Drawing with the sharpie was the best way to get the position of the plates rivets and other important landmarks of the figure onto the foam.
At this point I was using dowel rods to check the angles of the arms, legs, etc. Since I am used to working on the fly when I make smaller sculpts, basically tweaking various parts as I assemble to see the position and proportion.
I worked with welder Erik James who is a fantastic welder with an artists eye in the same way. As I would shape the dowel rod with pieces of flexible armature wire at the joints. Erik would take the shapes as they were and cut the metal and weld on the spot.
We put the whole body up on buckets to raise it to the approximate level of it's finished height.
This also included getting the neck and head position correct. Mocking things up is the best way for me to see it. My plans were close but you never know until you get a good look. This was mocked up to the plan but in reality much too long so it was shortened by a neck link.
Also the claw had to be the right length. I was using PVC pipes over the metal stock then the flanged parts were cut from tiki torch ends. Eventually all the legs were set.
Now the feet had to be placed. They each had a flat metal plate that would finish off the foot and bear the load. I had sculpted each foot the week before and cut out plywood rectangles to fit on the bottom.

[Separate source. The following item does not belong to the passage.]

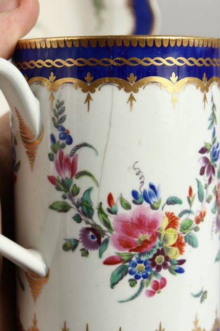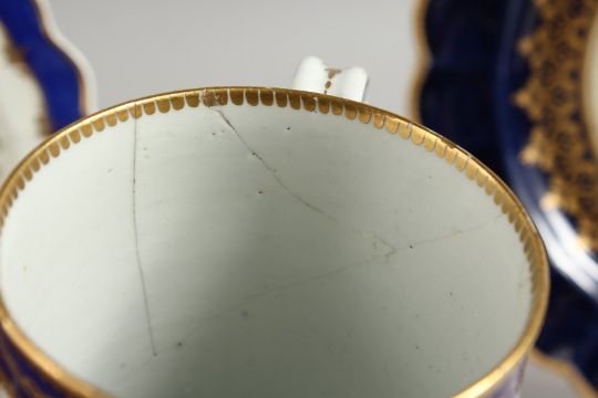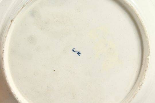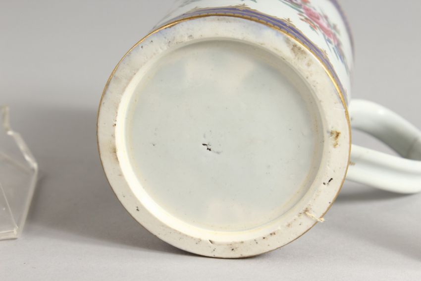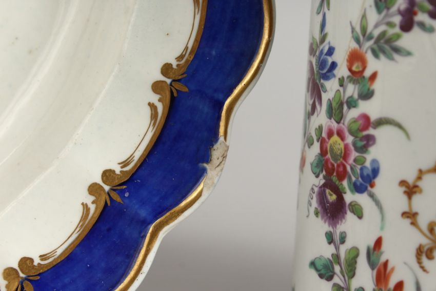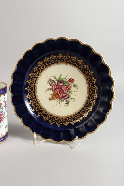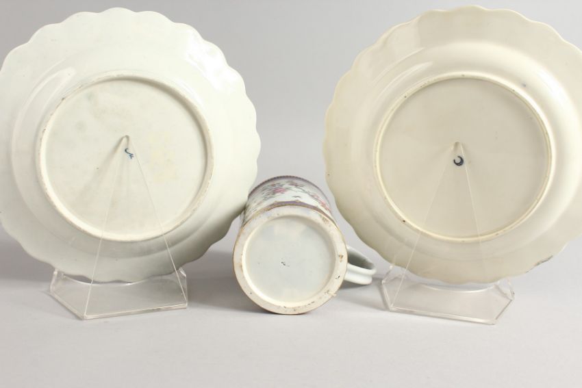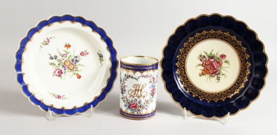 A WORCESTER BEAUTIFUL MUG fine painted with flowers and having the initials HC and two Worcester plates, one with a blue border and on wet blue.

The tricky part was placing the foam foot holding it high enough so Erik could weld the plate then affix the plate to the wood with epoxy. This photo shows a bit of the plates sticking out below the raised up feet. A strong foundation was the key to holding this whole thing up. Plus the fact more weight was going to be added on.
Now came the time to fill in all the gaps with the Windlock Foam. Even with the metal plates secured with epoxy to the foot bottoms there was still empty space inside the foot that needed to be filled just for a more sound structure. Next stop, more sculpting.